Ball 1 (the 3 kg ball) reverses direction, moving at -0.92 m/s, and ball 2 (the 4 kg ball) still moving to the left at -0.56 m/s.

This is a lengthy problem that asks us to solve for two unknowns (the two final velocities). To do this, we must generate two equations involving these two unknowns, and solve them simultaneously.

One equation will come from conservation of momentum, the other will come from the 80% kinetic energy lost condition.

First, cons. of momentum:

#m_1v_(1i) + m_2v_(2i) = m_1v_(1f) + m_2v_(2f)#

Inserting the values we know:

#3(1) + 4(-2) = 3v_(1f) + 4v_(2f)#
#-5 = 3v_(1f) + 4v_(2f)#

Now, the kinetic energy condition. The initial KE is:

#1/2m_1v_(1i)^2 + 1/2m_2v_(2i)^2#
#1/2(3)(1)^2 + 1/2(4)(-2)^2 = 1.5 + 8 = 9.5 J#

The final KE is:

#1/2m_1v_(1f)^2 + 1/2m_2v_(2f)^2#

Since 80% of the KE is lost, the final KE equals 20% of the initial

#1/2(3)v_(1f)^2 + 1/2(4)v_(2f)^2 = 9.5 xx 0.2=1.9J#

With all that complete, our two equations are:

#-5 = 3v_(1f) + 4v_(2f)#
#3/2v_(1f)^2 + 4/2v_(2f)^2 = 1.9#
Rewrite the first equation as #v_(1f)=(-5-4v_(2f))/3#

Substitute this value into the second equation:

#3/2((-5-4v_(2f))/3)^2 + 4/2v_(2f)^2 = 1.9#

Now, we must solve this equation.
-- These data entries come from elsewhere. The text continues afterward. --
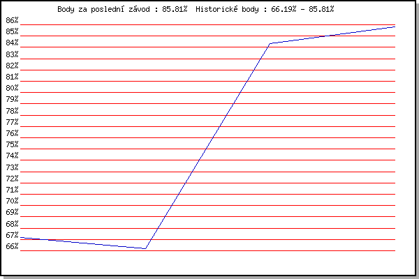 Závod| Body | Výkonnost | Změna | 12.08.2009 | Veselka, Popůvky Vintrovna, 7.9 km | 67.18% | 67.18% | | 24.07.2013 | Pisárky Anthropos, 6 km | 66.19% | 66.74% | -0.44% | 11.09.2013 | Líšeň, 11 km | 84.34% | 76.32% | +9.58% | 18.09.2013 | Pisárky Anthropos, 6 km | 85.81% | 81.23% | +4.91% | | |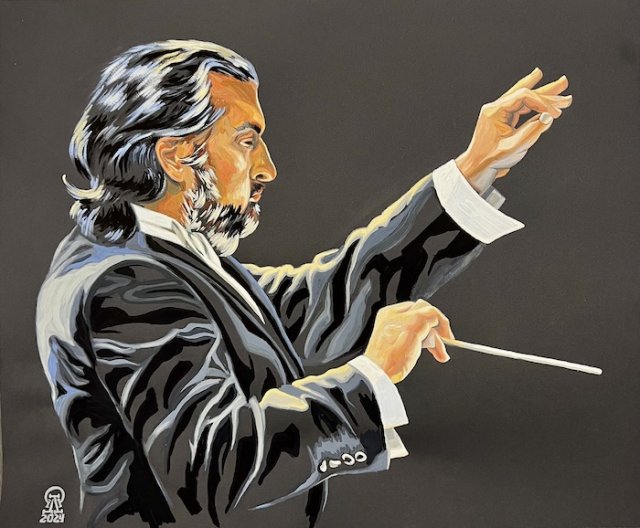 На фото работа автора. Дирижер. Бумага, гуашь. 50х60 см. 2024 г.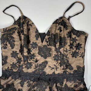Dress The Population Women’s Cocktail Dress Black/Nude Size M Tahani Floral Midi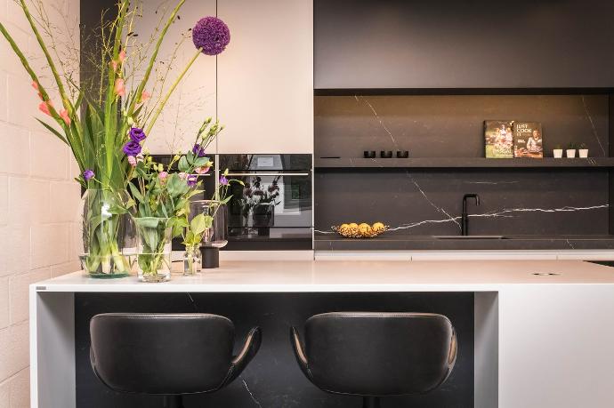 De verfijnde inbouwspots zijn strategisch geïnstalleerd zodat de lichtuitstraling de volledige kastruimte dekt. In combinatie met een ledstrip is de op maat afgewerkte keukenwand een ware eyecatcher. De indirecte verlichting zorgt voor een sfeervolle gloed over de marmeren spatwand.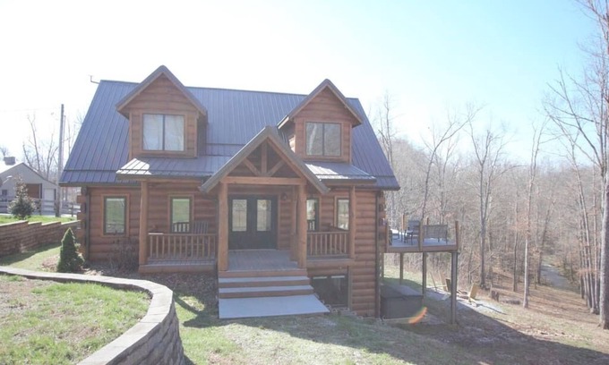 The perfect retreat from the hustle and bustle of your daily routine! Enjoy our spacious 1.5 story custom log cabin with a finished walk-out basement on Rough River Lake. With enough room to sleep nine, the cabin features 4 bedrooms and 3.5 bathrooms. With an open concept floorplan, the fully stocked kitchen includes beautiful California Redwood countertops, stainless appliances and plenty of dishes and cookware for your cooking needs. Private hot tub and close to the lake!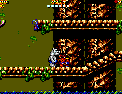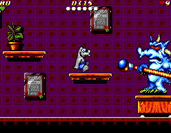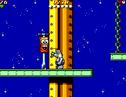 Picking up jelly babies, blasting enemies and collecting papers gives points and raises Bruno's score up to a fixed value of 9,999 pts. There are several entrances to secret rooms hidden in the five worlds. But, unlike the Genesis-version, the rooms are quite small and basic and there is no 1,000 point reward by completing them. On the whole there are two different tunes backing your journey through the game: one for the stages and one for the boss enemies. The varied background music and sound effects of the Genesis-game are completely missing, as is one entire world: The Garden.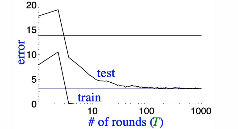 随着我们添加更多的弱分类器,整体分类器 H H H变得更加"复杂"。我们预计更复杂的分类器会过拟合。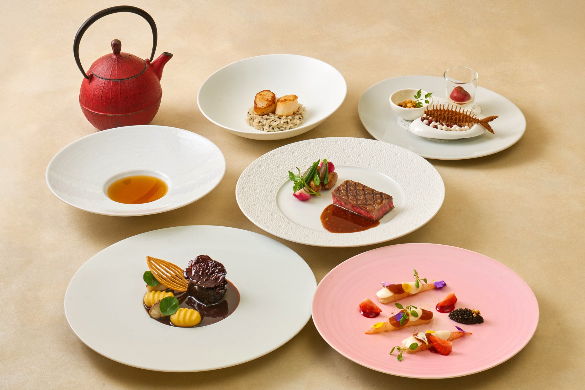 宮崎牛を使用した「山葵風味のジュ・ド・ヴィアンド」や「近江牛のブレゼ ポテトとパルメザンチーズのニョッキ」など二種類の銘柄牛を味わえるほか、いちごをあしらったボタン海老の前菜や、「ホタテ貝と黒トリュフのリゾット」などの海鮮も堪能できる贅沢なフレンチコースです。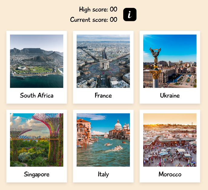 Game made in React as part of The Odin Project React Curriculum. Click on unique country images to score points and win!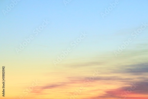Paisaje creado por el cielo al atardecer. Nubes disipadas entre los colores azul, amarillo y rojo de la puesta de sol.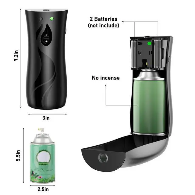This product does not include batteries and does not include fragrance. Upon receipt of the package, you will need to prepare 2 A batteries and the International Standard Size Air Freshener Refill Can (10fl.oz/300ml), 5.51" x 2.56" (not included).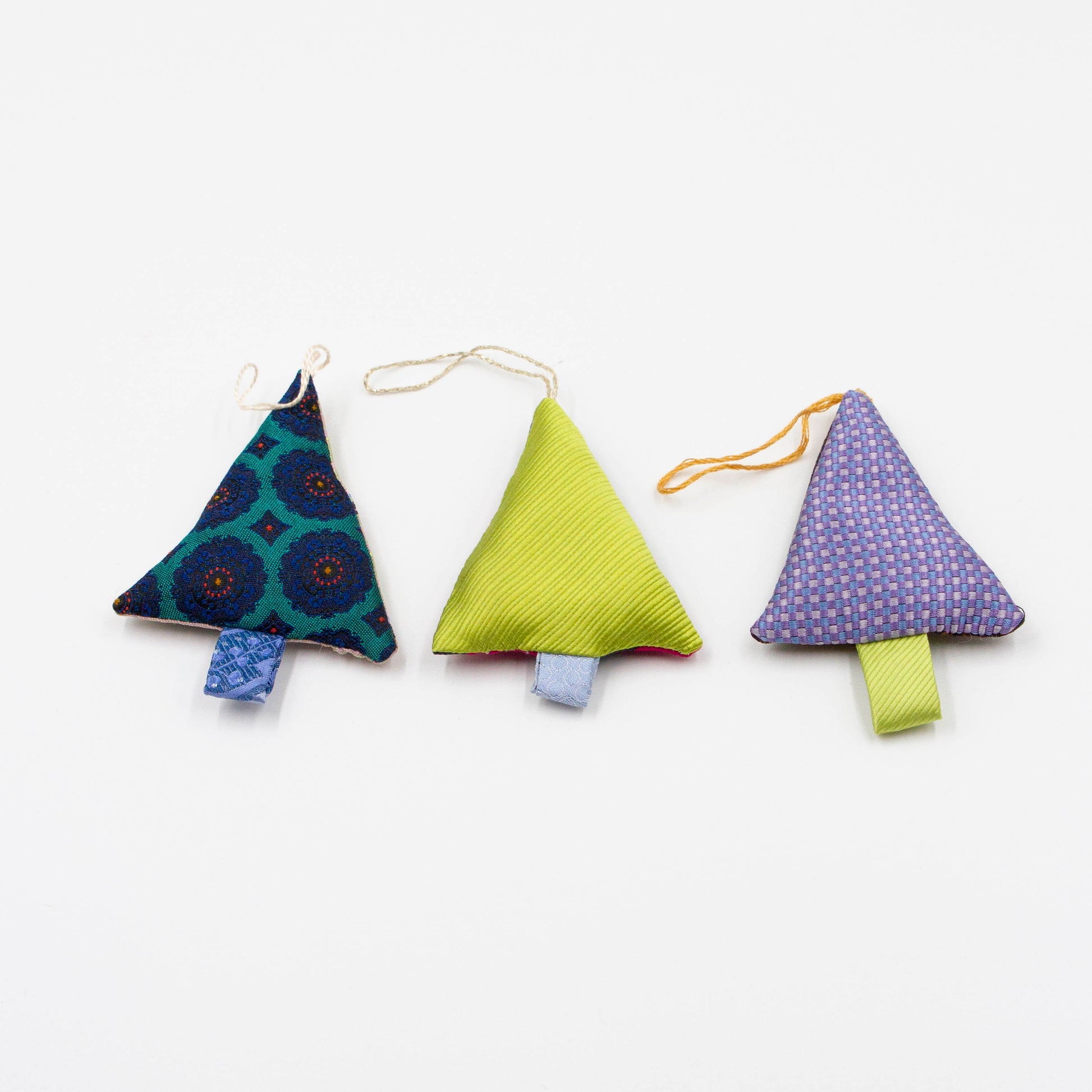 Dit leuke setje kersthangers is gemaakt van restjes stropdasstof welke overblijven na het maken van onze andere producten.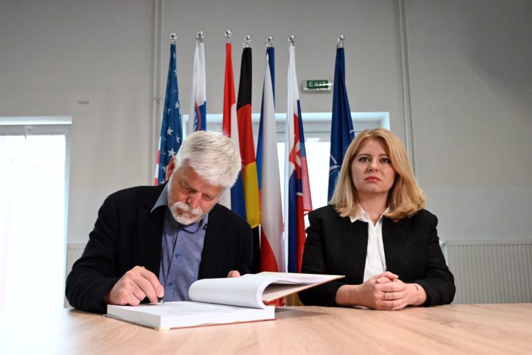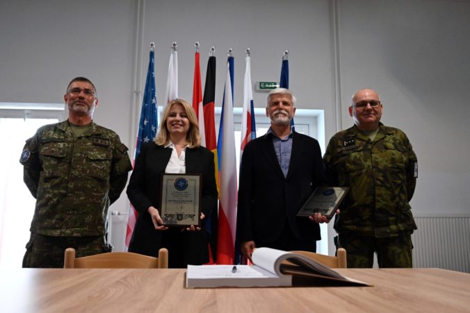 Zľava: Zástupca veľiteľa medzinárodnej bojovej skupiny NATO Alexander Schober, Zuzana Čaputová, Petr Pavel a veľiteľ medzinárodnej bojovej skupiny NATO Karel Navrátil počas stretnutia s príslušníkmi medzinárodnej bojovej skupiny NATO, ktorá v Lešti pôsobí od minulého roka pod velením českých vojakov pri príležitosti spoločnej návštevy prezidentov Slovenskej republiky a Českej republiky v Centre výcviku Lešť. Lešť, 7. Jún 2023. Foto: SITA/Jakub Julény.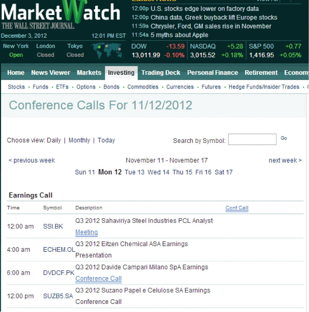 The earnings calendar provides separate entries for confirmed releases and proposed releases. Confirmed release dates are usually set, unless a company changes it due to an unforeseen situation. Proposed release dates are generally projected for about three months after the current earnings announcement and are subject to change. The conference call calendar shows the time and company as well as a short description of what can be expected to be covered (Figure 3). A link to the call is provided if available. Archived earnings releases and conference calls are also available. Finally, MarketWatch.com provides a daily list of upgraded and downgraded stocks, including changes in target prices. The website also offers a quick explanation of the ratings change.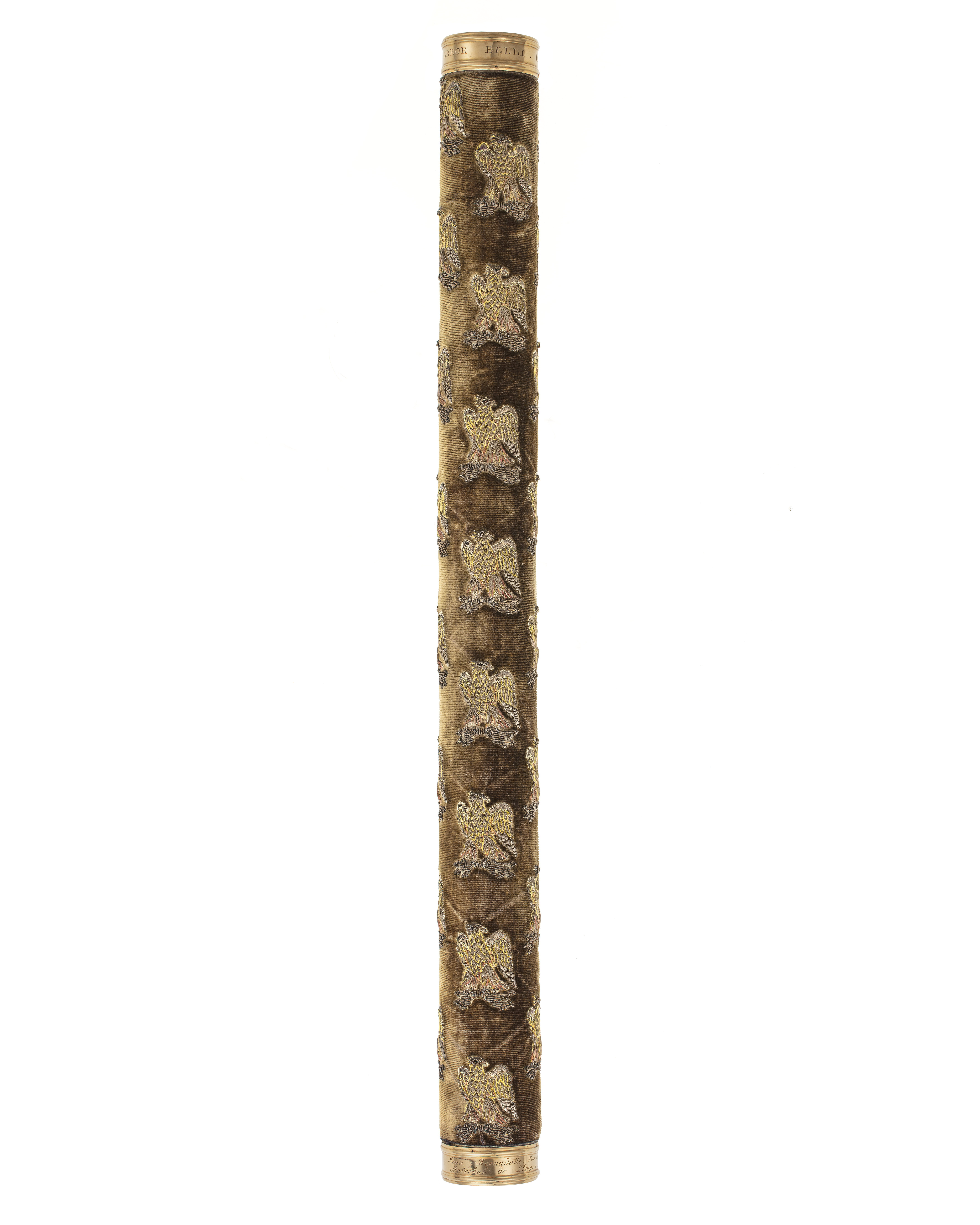 Cylindrisk stav, klädd med nu brun, ursprungligen purpurfärgad sammet med i guld och gult silke broderade franska, kejserliga örnar (32 st). Ändarna likaså klädda med sammet med broderade lagerkransar. Ringformiga ändbeslag av guld med släta kantringar. Otydliga stämplar, oval med tupp och 3 (3.e Titre d'or 1798-1809, se Carré), oval med manshuvud, fas, till v. 8 (Grosse Garantie d'or), stämpel med hundhuvud (?) samt en rombisk mästarstämpel, varav bokstäverna M och I möjligen kan uttydas. På den nedre ringen graverad text: "Jean Bernadotte, Nommé par L'Empereur Napoleon // Maréchal de l'Empire, le 29 Floréal An 12.e". På den övre ringen graverad text: "TERROR BELLI, DECUS PACIS". Givare: Karl XIV Johans arvingar. Inlämnad till Klädkammaren i december 1844.
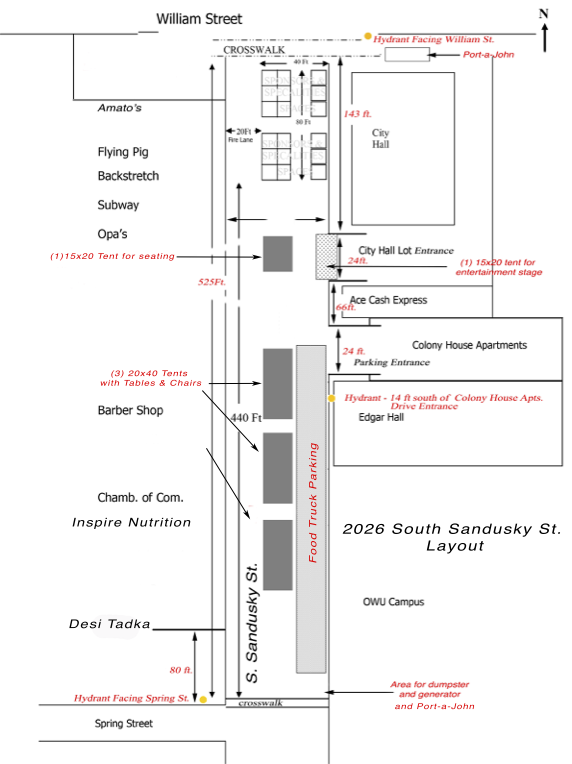 Located in the central business district and less than a block from Ohio Wesleyan University Campus. Closed city streets provides a great arena for sales, fun, food, entertainment, youth art exhibits and children's activities at this very well attended and public supported event.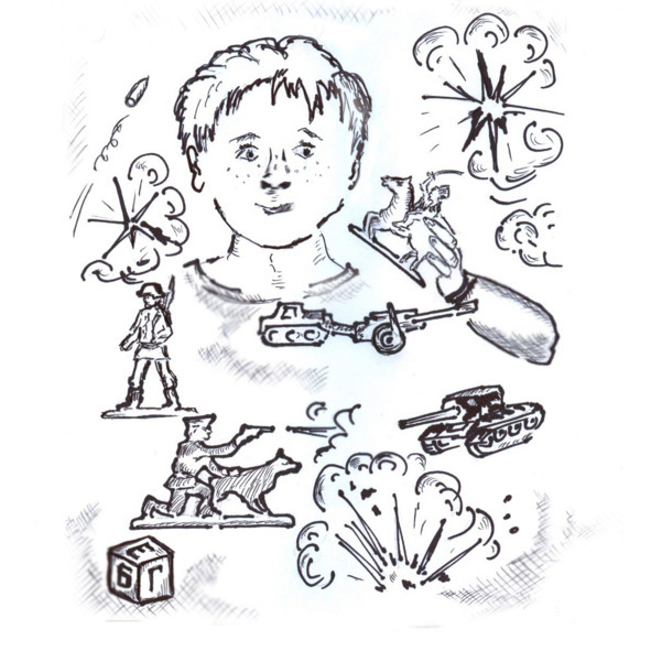 А потом следовала серия номер два с далёким собратом, до которого добирался ползком израненный оловянный солдатик, который вроде бы погиб, но всё-таки не до конца. Герой на то и герой, чтобы исполнить свою особую миссию, – вот он и оживал на некоторое время, чтобы передать в соседнее королевство весть о случившемся. Друзья пленённого принца тут же собирали свою армию – из добрых и честных новобранцев, после чего шлёпали дружной колонной, освобождая всех пленных и пострадавших. Разумеется, попутно отыскивалась принцесса, на которой мечтал жениться пупс, справлялась свадьба, раскаивались и исправлялись враги. Не все, конечно, – самых злобных вновь загоняли за шкаф. Лихие заморочки выдумывались Гришей на ходу, как и новые образы, которые он вырезал и выпиливал для своих игр.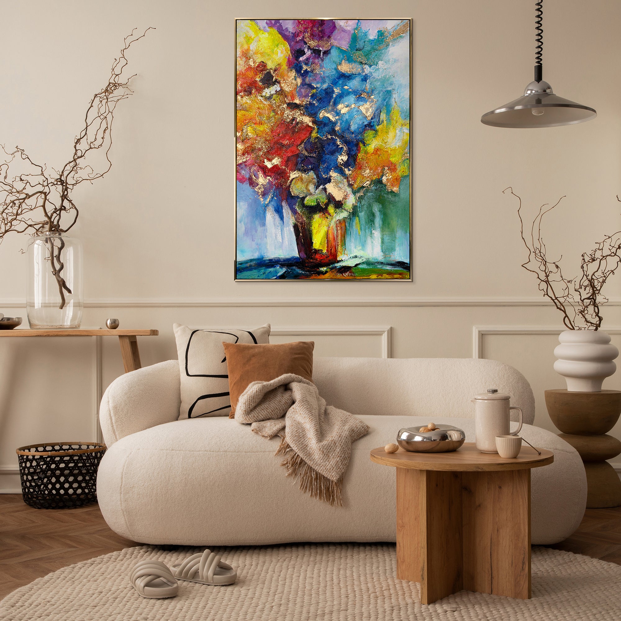 Berig dit hjem med dette farverige, abstrakte kunstværk, som skildrer naturens skønhed i levende nuancer. Værket imponerer med intense farvetoner og udtryksfulde penselstrøg. Det er 100 % håndmalet og fremhævet af en moderne guldramme.
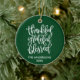 Calligraphy Thankful Grateful Blessed Green Ceramic Ornament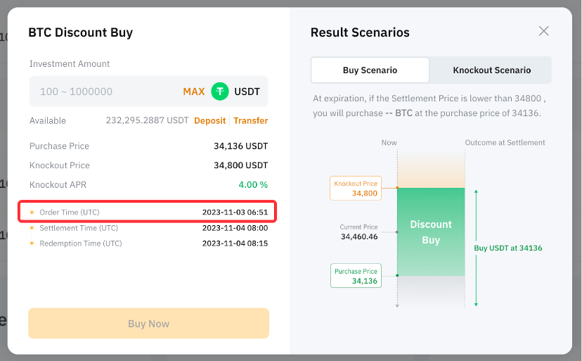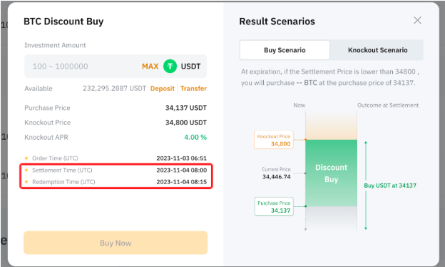 - 如选择折价买币,即使结算价格高于购买价格,用户也能以购买价格买币。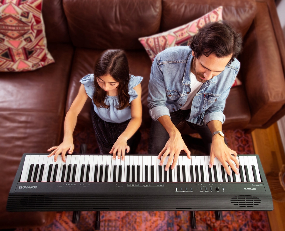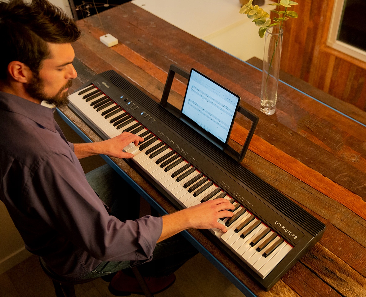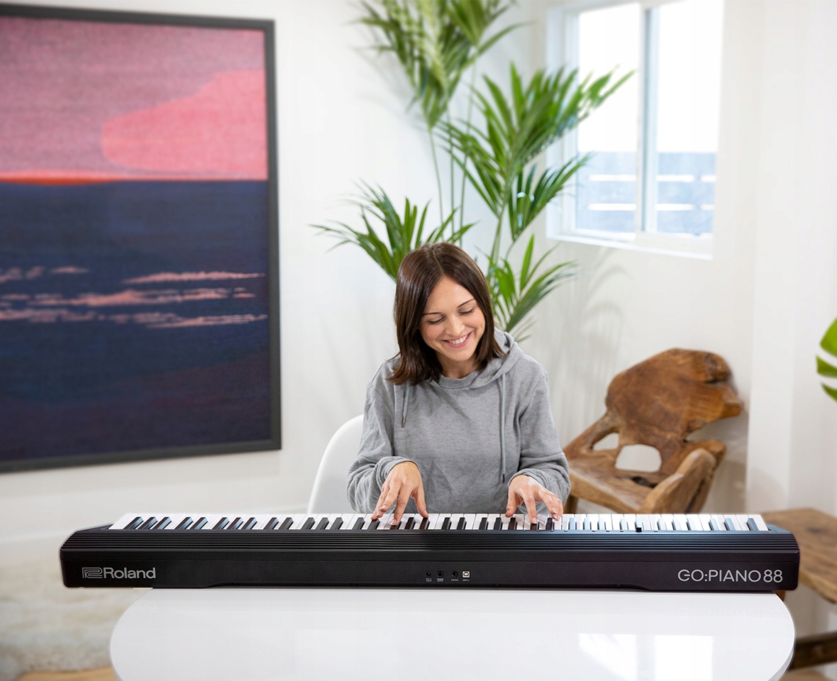 Якщо ви оціните повнорозмірну 88-клавішну клавіатуру GO:PIANO88, вас також надихне вибір вбудованих звуків, отриманих від цінних піаніно Roland. Торкайтеся клавіш, і ви почуєте характерні звуки, які плавно змінюються у відповідь на ваш дотик, як тонкий акустичний рояль. На додаток до виразної клавіатури, GO: PIANO88 забезпечує динамічну гру, заохочуючи вас вдосконалюватися швидше в міру зростання ваших навичок. GO: PIANO88 також містить звуки електронного фортепіано, звуки органу та багато іншого, щоб досліджувати різні стилі

It will be simpler if we multiply every term by 18, to eliminate the denominators:

#3(-5-4v_(2f))^2 + 36v_(2f)^2 = 34.2#
#3(25+40v_(2f)+16v_(2f)^2) + 36v_(2f)^2 = 34.2#
#75+120v_(2f)+48v_(2f)^2 + 36v_(2f)^2 = 34.2#
#84v_(2f)^2+120v_(2f)+40.8=0#
Use the quadratic formula to solve for #v_(2f)#
#v_(2f)= (-120+- sqrt((120)^2 - 4(84)(40.8)))/(2(84))#
#= (-120+-26.3)/168#

There are two answers:

#v_(2f)= (-120+26.3)/168=-0.56m/s# and
#v_(2f)= (-120-26.3)/168=--0.87m/s#
Substituting this answer back into #v_(1f)=(-5-4v_(2f))/3#
we get #v_(1f)=(-5-4(-0.56))/3=-0.92m/s#
and #v_(1f)=(-5-4(-0.87))/3=-0.51m/s#

We must reject the second answer in each case, as this would result in ball 2 (which was originally travelling to the left and was in a position to the right of ball 1) now travelling faster than ball 1, with both balls moving to the left. This would mean that it had somehow managed to go through ball 1, and was now to the left of it!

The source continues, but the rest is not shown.